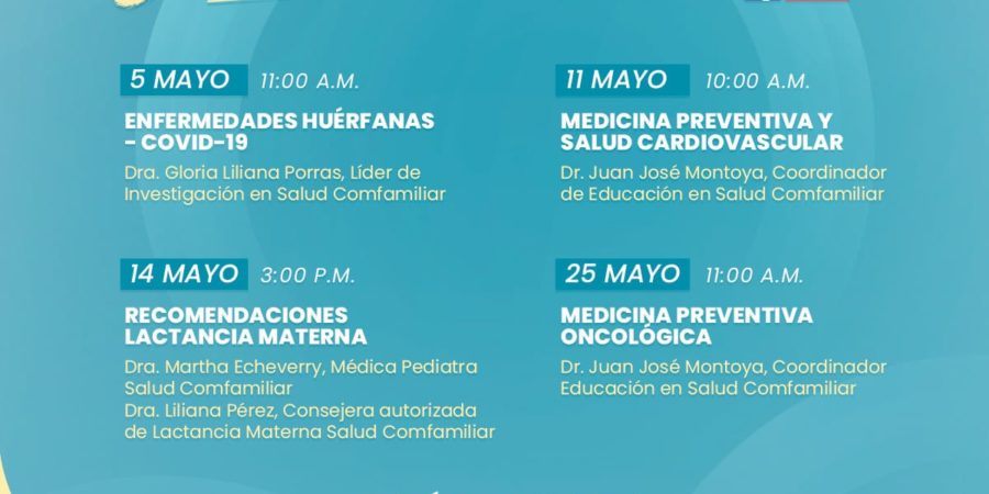 No te pierdas la primera charla del mes, mañana martes 5 de mayo a las 11:00 a.m liderada por la Médica Genetista Gloria Liliana Porras Hurtado, quien nos hablará sobre las Enfermedades Huérfanas y el Covid.19 🦠
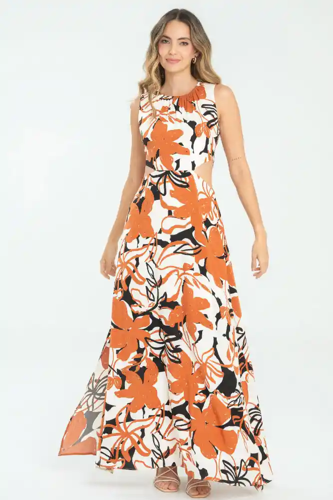 Vestido largo en chalis estampado, escote redondo, manga sisa, ajusta con cierre en espalda, aberturas decorativas en cintura y aberturas en ruedo falda.
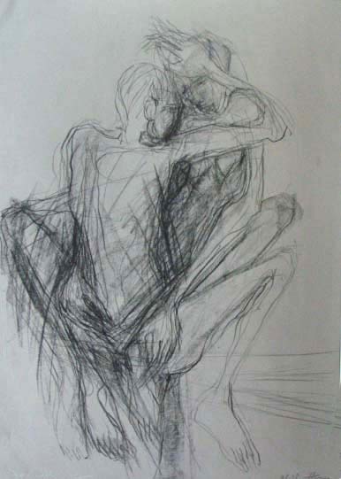 Gordisches Paar - grau 2001 Kreidezeichnung (80x60cm)
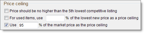 A dynamic price ceiling applies at the time an item prices. Depending on the condition of an item, you can use a price ceiling that's no higher than the 5th lowest competitive listing, is a percentage of the lowest new price, or is a percentage of the market price.
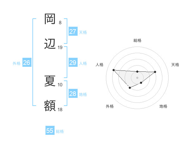 岡辺 夏額さんを姓名の画数から五運を鑑定
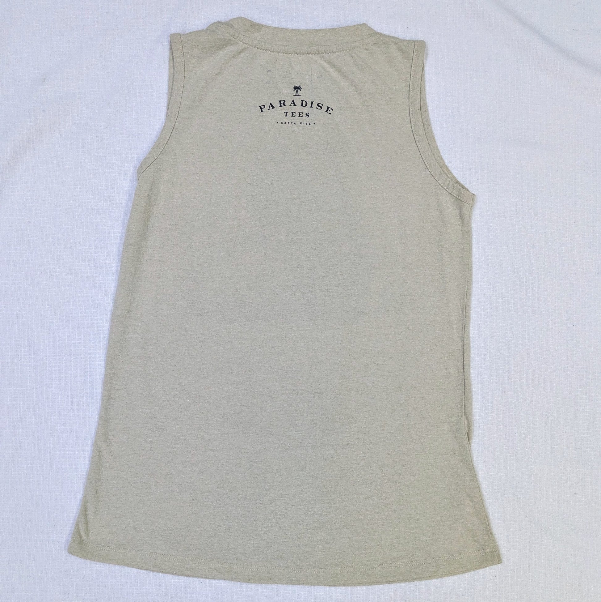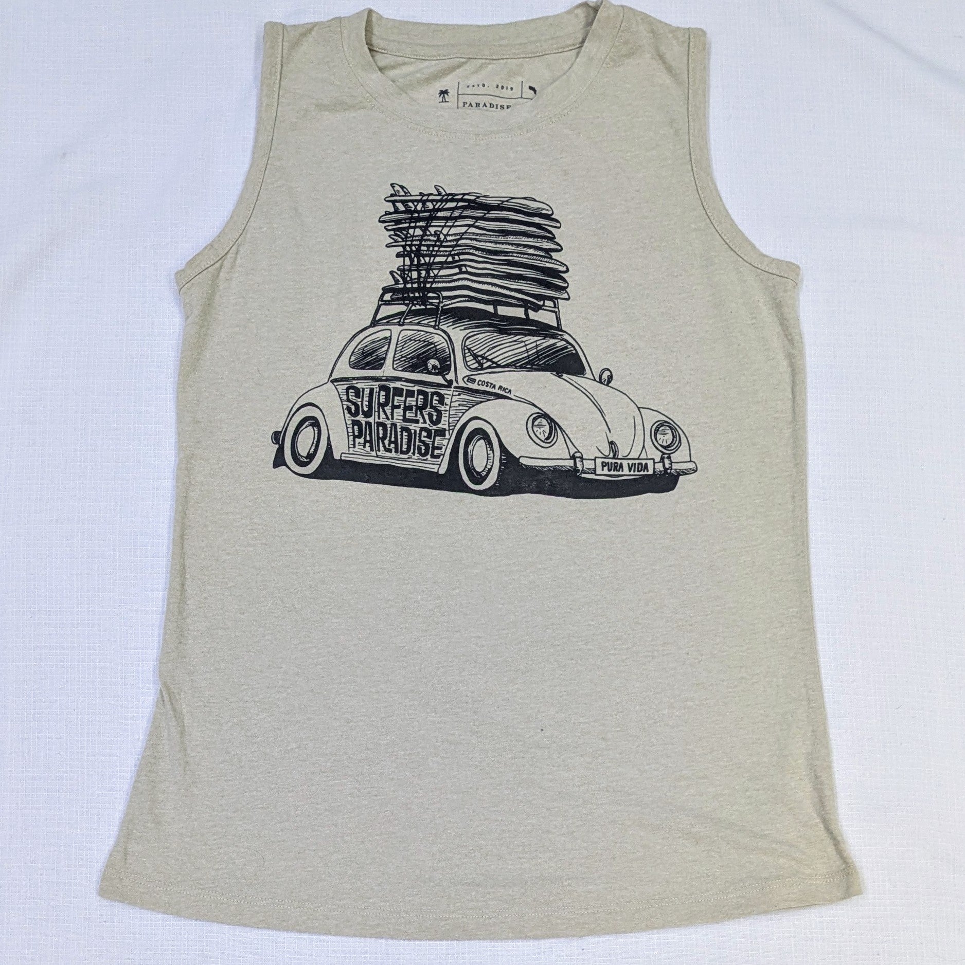 Ride the waves in style with this tan sleeveless tank top featuring a Surfers Paradise graphic. Perfect for a day at the beach or a casual summer look. Make a splash with this playful top.
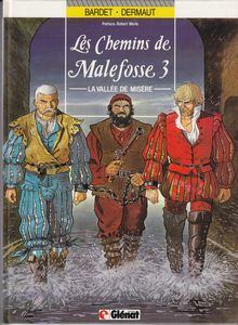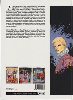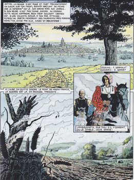 remarques: | Günther et Pritz en route pour Paris retrouvent petit Louis sain et sauf, rencontre aussi avec l'adolescent Façe-de-Suie dans un relais où les deux compères se font détrousser, arrêtés en arrivant à Paris, ils seront cette fois délivrés par Pernette agissant pour le compte de l'archange, maître de la vallée de misère à Paris (= maître des gueux d'un genre de cour des miracles) Paris est alors la place forte des ligueurs et les deux compères se retrouvent maintenant espions pour Henri IV >> p. 46/47 la débauche dans la vallée de la misère et où l'on découvre que l'archange est une femme >>> le graphisme est toujours bon, mais le scenario sans grande originalité et malgré le langage de l'époque, on y perd son latin, toutefois une jolie couverture d'album |
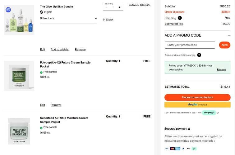 Use the Youth to the People coupon code YTTP25CC or 3-STEP-KIT to add the discount to your cart. FREE gift with purchase will add automatically to your qualifying order. FREE SHIPPING and FREE samples apply to orders $50+. Take a peek at our other favorite deals!
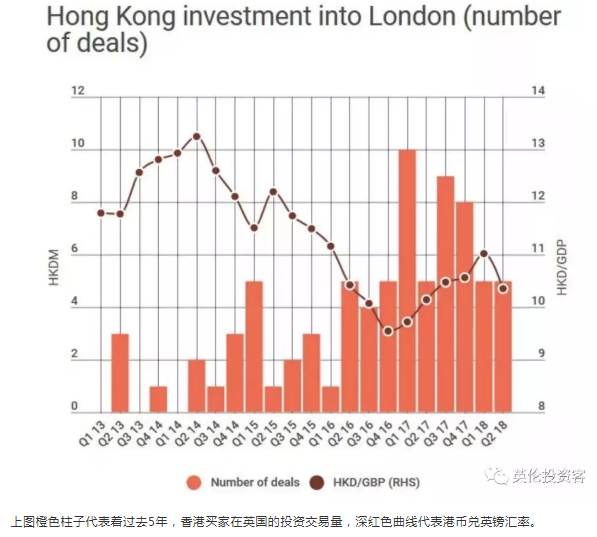 上圖橙色柱子代表著過去5年,香港買家在英國的投資交易量,深紅色曲線代表港幣兌英鎊匯率。
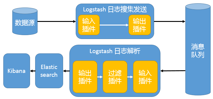 Beats 还不支持输出到消息队列,所以在消息队列两端只能是 Logstash 实例。这种架构使用 Logstash 从各个数据源搜集数据,然后经消息队列输出插件输出到消息队列中。目前 Logstash 支持 Kafka、Redis、RabbitMQ 等常见消息队列。然后 Logstash 通过消息队列输入插件从队列中获取数据,分析过滤后经输出插件发送到 Elasticsearch,最后通过 Kibana 展示。

★ ★ ★ ★

# Task to complete
Give back each entry verbatim but drop its pictures.

# Response to this exercise
 No te pierdas la primera charla del mes, mañana martes 5 de mayo a las 11:00 a.m liderada por la Médica Genetista Gloria Liliana Porras Hurtado, quien nos hablará sobre las Enfermedades Huérfanas y el Covid.19 🦠
 Vestido largo en chalis estampado, escote redondo, manga sisa, ajusta con cierre en espalda, aberturas decorativas en cintura y aberturas en ruedo falda.
 Gordisches Paar - grau 2001 Kreidezeichnung (80x60cm)
 A dynamic price ceiling applies at the time an item prices. Depending on the condition of an item, you can use a price ceiling that's no higher than the 5th lowest competitive listing, is a percentage of the lowest new price, or is a percentage of the market price.
 岡辺 夏額さんを姓名の画数から五運を鑑定
 Ride the waves in style with this tan sleeveless tank top featuring a Surfers Paradise graphic. Perfect for a day at the beach or a casual summer look. Make a splash with this playful top.
 remarques: | Günther et Pritz en route pour Paris retrouvent petit Louis sain et sauf, rencontre aussi avec l'adolescent Façe-de-Suie dans un relais où les deux compères se font détrousser, arrêtés en arrivant à Paris, ils seront cette fois délivrés par Pernette agissant pour le compte de l'archange, maître de la vallée de misère à Paris (= maître des gueux d'un genre de cour des miracles) Paris est alors la place forte des ligueurs et les deux compères se retrouvent maintenant espions pour Henri IV >> p. 46/47 la débauche dans la vallée de la misère et où l'on découvre que l'archange est une femme >>> le graphisme est toujours bon, mais le scenario sans grande originalité et malgré le langage de l'époque, on y perd son latin, toutefois une jolie couverture d'album |
 Use the Youth to the People coupon code YTTP25CC or 3-STEP-KIT to add the discount to your cart. FREE gift with purchase will add automatically to your qualifying order. FREE SHIPPING and FREE samples apply to orders $50+. Take a peek at our other favorite deals!
 上圖橙色柱子代表著過去5年,香港買家在英國的投資交易量,深紅色曲線代表港幣兌英鎊匯率。
 Beats 还不支持输出到消息队列,所以在消息队列两端只能是 Logstash 实例。这种架构使用 Logstash 从各个数据源搜集数据,然后经消息队列输出插件输出到消息队列中。目前 Logstash 支持 Kafka、Redis、RabbitMQ 等常见消息队列。然后 Logstash 通过消息队列输入插件从队列中获取数据,分析过滤后经输出插件发送到 Elasticsearch,最后通过 Kibana 展示。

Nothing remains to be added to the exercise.